Niemals sollte man auf Links in solchen Mails klicken oder Anhänge öffnen – darüber wird oft Schadsoftware verteilt. Im Zweifel kontaktiert man das angeblich fordernde Unternehmen über die offizielle, selbst recherchierte Telefonnummer, nicht über die in der Mail angegebenen Kontaktdaten.

Seriöse Inkassofirmen erkennen

Legale Inkassodienstleister sind in einem öffentlichen Rechtsdienstleistungsregister eingetragen. Ein seriöses Inkassoschreiben nennt den ursprünglichen Gläubiger, den Grund der Forderung, die genaue Zusammensetzung des Betrags und die Registrierung des Inkassounternehmens. Fehlen diese Pflichtangaben, ist Skepsis angebracht. Man hat zudem das Recht, eine Aufschlüsselung der Forderung und der Kosten zu verlangen – kommt der „Gläubiger" dem nicht nach, spricht das gegen die Berechtigung.

So beugt man vor

Wer Abofallen vermeiden will, sollte bei „kostenlosen" Angeboten misstrauisch sein, vor jeder Online-Bestellung die Beschriftung des Bestellbuttons lesen und Kontoauszüge regelmäßig auf unbekannte Abbuchungen prüfen. Unberechtigte Lastschriften lassen sich bei Banken innerhalb von acht Wochen ohne Angabe von Gründen zurückbuchen. Weitere Ratgeber zu Verträgen, Fristen und Verbraucherrecht finden sich im News-Bereich.

Häufige Fragen

Muss ich auf jedes Inkassoschreiben reagieren?

Auf die erste Forderung sollte man einmal klar und schriftlich reagieren, wenn sie unberechtigt ist. Danach muss man auf wiederholte identische Mahnungen nicht erneut antworten. Anders ist es beim gerichtlichen Mahnbescheid – dem muss man fristgerecht widersprechen.

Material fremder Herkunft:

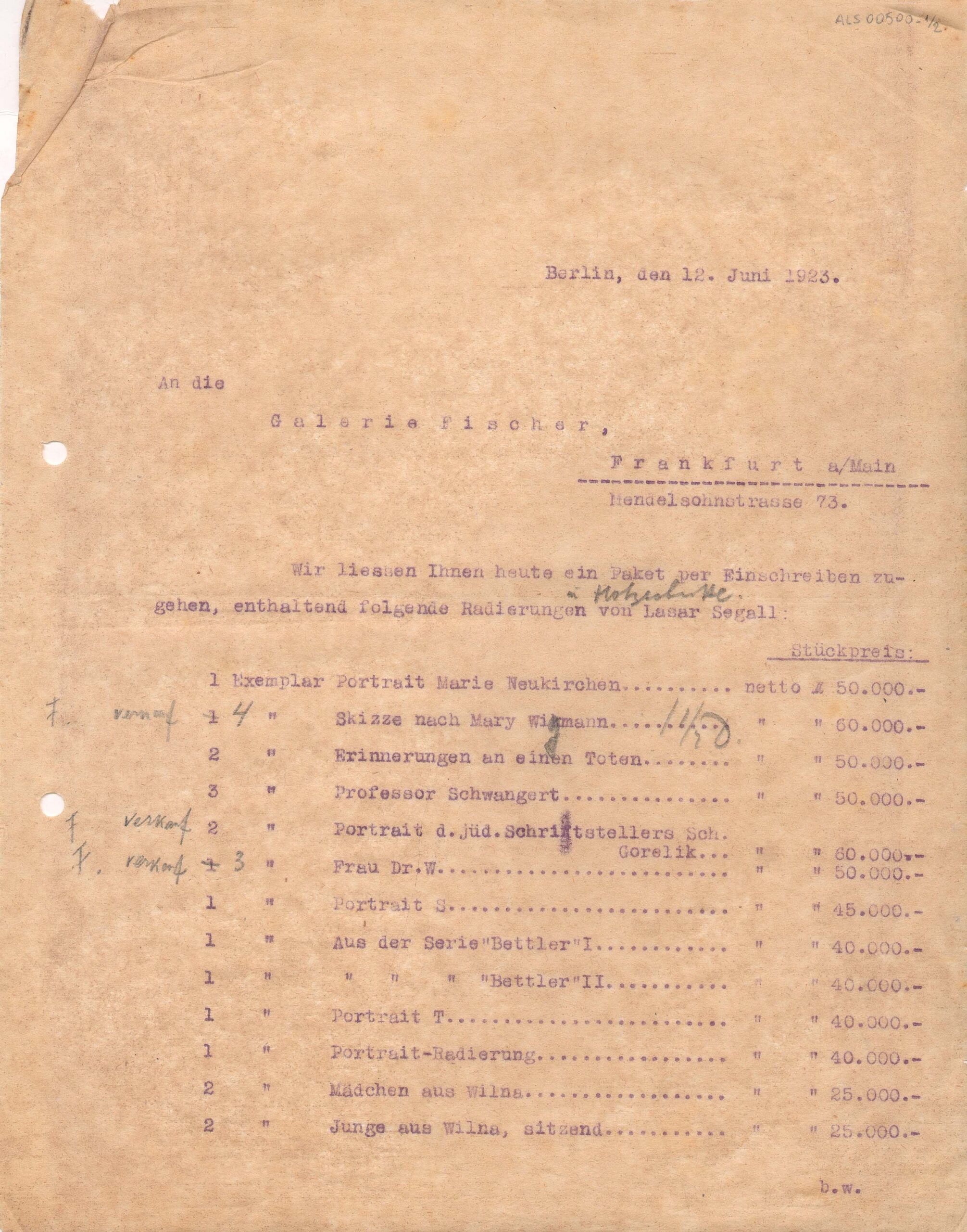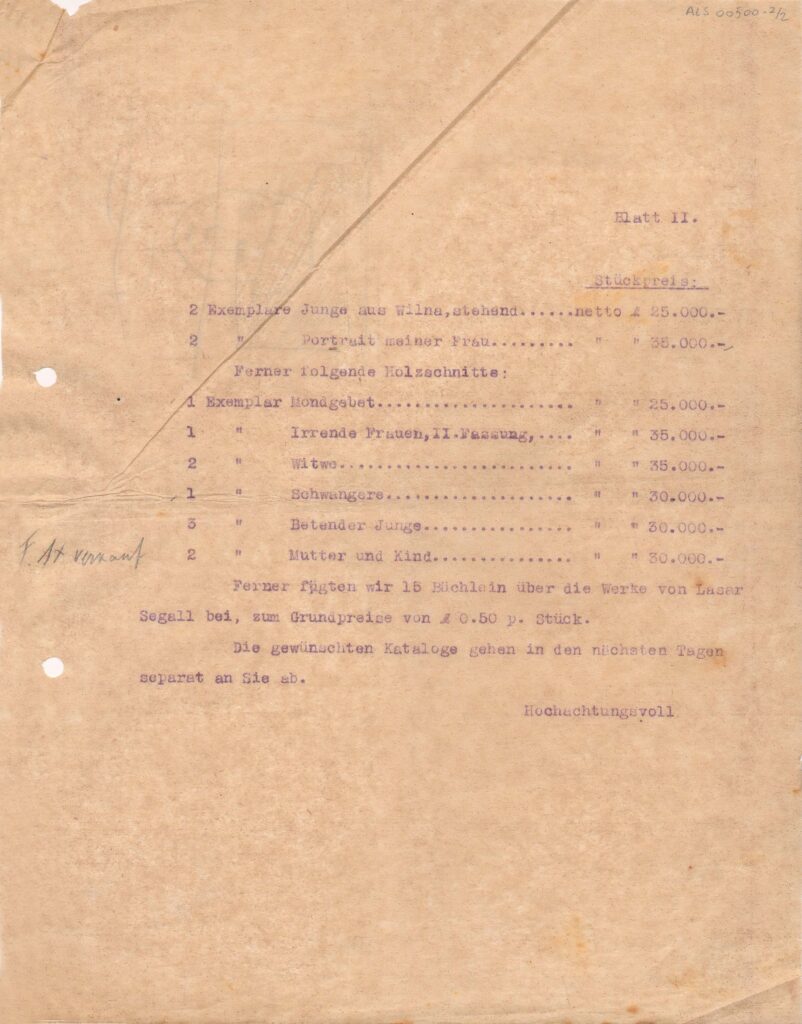Segall informa que preparou, para a Galerie Fischer, um pacote com águas-fortes e xilogravuras suas; lista as gravuras e seus respectivos preços de venda

Kann ein Inkassobüro einen Schufa-Eintrag veranlassen?

Nur unter engen Voraussetzungen. Eine bestrittene oder unberechtigte Forderung darf grundsätzlich nicht eingetragen werden. Drohungen mit einem Schufa-Eintrag bei einer offen bestrittenen Forderung sind oft unzulässiger Druck.

Ist ein Vertrag gültig, wenn der Bestellbutton irreführend war?

Nein. Ist die gesetzlich vorgeschriebene klare Beschriftung des Bestellbuttons nicht eingehalten, kommt kein wirksamer Vertrag zustande. Der Verbraucher schuldet dann weder den Preis noch Inkassokosten.

Was tun, wenn ich aus Versehen schon gezahlt habe?

War die Forderung unberechtigt, kann der Betrag zurückgefordert werden. Bei einer Lastschrift hilft die achtwöchige Rückbuchung über die Bank. Andernfalls fordert man die Zahlung schriftlich zurück und holt bei Bedarf Unterstützung der Verbraucherzentrale.